Bug 563073

Summary:	kernel: race in ptrace
Product:	[Other] Security Response	Reporter:	Eugene Teo (Security Response) <eteo>
Component:	vulnerability	Assignee:	Red Hat Product Security <security-response-team>
Status:	CLOSED NOTABUG	QA Contact:
Severity:	medium	Docs Contact:
Priority:	medium
Version:	unspecified	CC:	arozansk, bhu, cebbert, davej, dhoward, jolsa, jpirko, kmcmartin, lgoncalv, lwang, onestero, plyons, roland, vgoyal, vmayatsk, williams
Target Milestone:	---	Keywords:	Security
Target Release:	---
Hardware:	All
OS:	Linux
Whiteboard:
Fixed In Version:		Doc Type:	Bug Fix
Doc Text:		Story Points:	---
Clone Of:		Environment:
Last Closed:	2010-02-15 06:05:17 UTC	Type:	---
Regression:	---	Mount Type:	---
Documentation:	---	CRM:
Verified Versions:		Category:	---
oVirt Team:	---	RHEL 7.3 requirements from Atomic Host:
Cloudforms Team:	---	Target Upstream Version:
Embargoed:
Bug Depends On:	563074, 563075, 563076, 563077, 563078, 563079
Bug Blocks:

Description Eugene Teo (Security Response) 2010-02-09 05:34:26 UTC

Description of problem:
A race in ptrace was pointed to us by a fellow Google engineer, Tavis Ormandy.  The race involves interaction between a tracer, a tracee and an antagonist.  The tracer is tracing the tracee with PTRACE_SYSCALL and waits on the tracee.  In the mean time, an antagonist blasts the tracee with SIGCONTs.

The observed issue is that sometimes when the tracer attempts to continue the tracee with PTRACE_SYSCALL, it gets a return value of -ESRCH, indicating that the tracee is already running (or not being traced).  It turns out that a SIGCONT wakes up the tracee in kernel mode, and for a moment the tracee's state is TASK_RUNNING then in ptrace_stop we hit the condition where the tracee is found to be running (and thus not traced).  If the syscall is repeated, the second time it usually succeeds (because by that time, the tracee has been put into TASK_TRACED).

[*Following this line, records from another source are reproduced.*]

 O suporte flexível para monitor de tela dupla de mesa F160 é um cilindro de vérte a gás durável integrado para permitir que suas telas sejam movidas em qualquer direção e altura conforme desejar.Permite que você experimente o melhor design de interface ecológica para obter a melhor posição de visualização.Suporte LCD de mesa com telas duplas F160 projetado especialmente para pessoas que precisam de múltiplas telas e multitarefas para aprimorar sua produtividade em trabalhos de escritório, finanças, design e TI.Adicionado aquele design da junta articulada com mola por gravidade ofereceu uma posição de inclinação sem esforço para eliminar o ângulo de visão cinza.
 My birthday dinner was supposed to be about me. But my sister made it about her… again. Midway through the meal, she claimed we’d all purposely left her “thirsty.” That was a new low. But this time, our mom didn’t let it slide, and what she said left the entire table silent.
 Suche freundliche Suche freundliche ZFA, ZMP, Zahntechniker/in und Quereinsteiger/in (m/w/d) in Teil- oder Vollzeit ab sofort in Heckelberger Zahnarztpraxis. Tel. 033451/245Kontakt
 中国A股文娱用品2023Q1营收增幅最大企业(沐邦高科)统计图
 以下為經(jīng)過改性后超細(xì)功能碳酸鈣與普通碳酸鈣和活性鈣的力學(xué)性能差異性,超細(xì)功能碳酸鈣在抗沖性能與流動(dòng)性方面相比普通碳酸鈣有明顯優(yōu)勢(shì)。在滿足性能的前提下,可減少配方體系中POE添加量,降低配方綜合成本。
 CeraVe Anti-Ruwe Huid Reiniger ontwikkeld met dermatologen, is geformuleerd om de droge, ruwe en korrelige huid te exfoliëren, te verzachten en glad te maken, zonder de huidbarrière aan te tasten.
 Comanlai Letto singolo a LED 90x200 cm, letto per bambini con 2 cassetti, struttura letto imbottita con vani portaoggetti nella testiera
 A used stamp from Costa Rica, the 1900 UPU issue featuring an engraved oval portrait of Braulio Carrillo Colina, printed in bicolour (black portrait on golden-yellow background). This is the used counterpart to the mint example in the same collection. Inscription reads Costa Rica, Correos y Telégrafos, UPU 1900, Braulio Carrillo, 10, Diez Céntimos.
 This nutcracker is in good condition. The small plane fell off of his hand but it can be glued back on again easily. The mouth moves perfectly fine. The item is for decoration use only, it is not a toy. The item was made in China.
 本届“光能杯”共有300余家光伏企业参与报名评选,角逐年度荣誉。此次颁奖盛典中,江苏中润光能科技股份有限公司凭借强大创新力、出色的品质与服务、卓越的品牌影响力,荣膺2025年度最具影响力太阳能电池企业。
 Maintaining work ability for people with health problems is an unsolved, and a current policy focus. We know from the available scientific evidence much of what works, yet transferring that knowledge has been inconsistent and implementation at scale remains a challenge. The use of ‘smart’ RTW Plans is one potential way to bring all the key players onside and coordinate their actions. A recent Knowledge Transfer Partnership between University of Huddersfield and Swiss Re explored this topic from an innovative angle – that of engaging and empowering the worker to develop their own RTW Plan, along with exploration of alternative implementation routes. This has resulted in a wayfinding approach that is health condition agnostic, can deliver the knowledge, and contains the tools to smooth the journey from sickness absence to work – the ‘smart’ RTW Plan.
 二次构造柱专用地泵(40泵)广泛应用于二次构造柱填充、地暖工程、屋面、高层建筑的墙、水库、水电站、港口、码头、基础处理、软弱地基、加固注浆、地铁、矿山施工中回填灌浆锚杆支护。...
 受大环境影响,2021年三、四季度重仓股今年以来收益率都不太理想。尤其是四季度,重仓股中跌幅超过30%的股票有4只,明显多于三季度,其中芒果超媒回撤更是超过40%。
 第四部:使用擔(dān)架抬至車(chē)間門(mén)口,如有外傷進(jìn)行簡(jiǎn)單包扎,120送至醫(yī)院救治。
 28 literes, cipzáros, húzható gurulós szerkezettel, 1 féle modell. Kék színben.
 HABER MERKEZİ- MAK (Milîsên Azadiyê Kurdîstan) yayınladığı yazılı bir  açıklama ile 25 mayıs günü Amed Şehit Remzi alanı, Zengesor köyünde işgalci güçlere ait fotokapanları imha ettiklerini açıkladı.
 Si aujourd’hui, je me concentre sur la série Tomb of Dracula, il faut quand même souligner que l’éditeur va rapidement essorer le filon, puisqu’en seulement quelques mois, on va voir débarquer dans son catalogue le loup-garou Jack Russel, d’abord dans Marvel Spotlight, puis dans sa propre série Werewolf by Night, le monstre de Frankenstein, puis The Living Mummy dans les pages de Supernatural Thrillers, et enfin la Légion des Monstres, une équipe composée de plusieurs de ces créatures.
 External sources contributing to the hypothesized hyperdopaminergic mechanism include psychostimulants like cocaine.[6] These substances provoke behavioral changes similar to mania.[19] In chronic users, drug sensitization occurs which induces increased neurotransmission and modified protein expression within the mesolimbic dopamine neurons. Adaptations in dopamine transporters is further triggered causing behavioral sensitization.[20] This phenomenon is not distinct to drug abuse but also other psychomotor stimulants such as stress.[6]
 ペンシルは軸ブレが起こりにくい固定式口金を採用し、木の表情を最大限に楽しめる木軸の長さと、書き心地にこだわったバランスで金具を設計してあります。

Below is a quick and dirty fix for the one instance that I did figure out.  Note that this doesn't completely close the race on 2.6.33-rc6.  But on 2.6.26 it appears to be sufficient.  I suspect there are other code paths with similar issues:

    Fix a race in ptrace.
    
    Race description:
    
    The traced process is running for a small duration
    of time between when it is sent a SIGCONT and when it realizes that it
    needs to be asleep in order to get traced.  If during this time the 
    tracer calls ptrace with PTRACE_SYSCALL, it recieves an errno value of 
    -ESRCH.
    
    Solution:
    
    We add a new bit to the ptrace field of task_struct.  We call this 
    PT_WAKING. When the process is being awoken for a SIGCONT signal, we set 
    this bit before state changes to TASK_RUNNING.  When the process is about
    to go to sleep, we reset this bit after we change the state to TASK_TRACED.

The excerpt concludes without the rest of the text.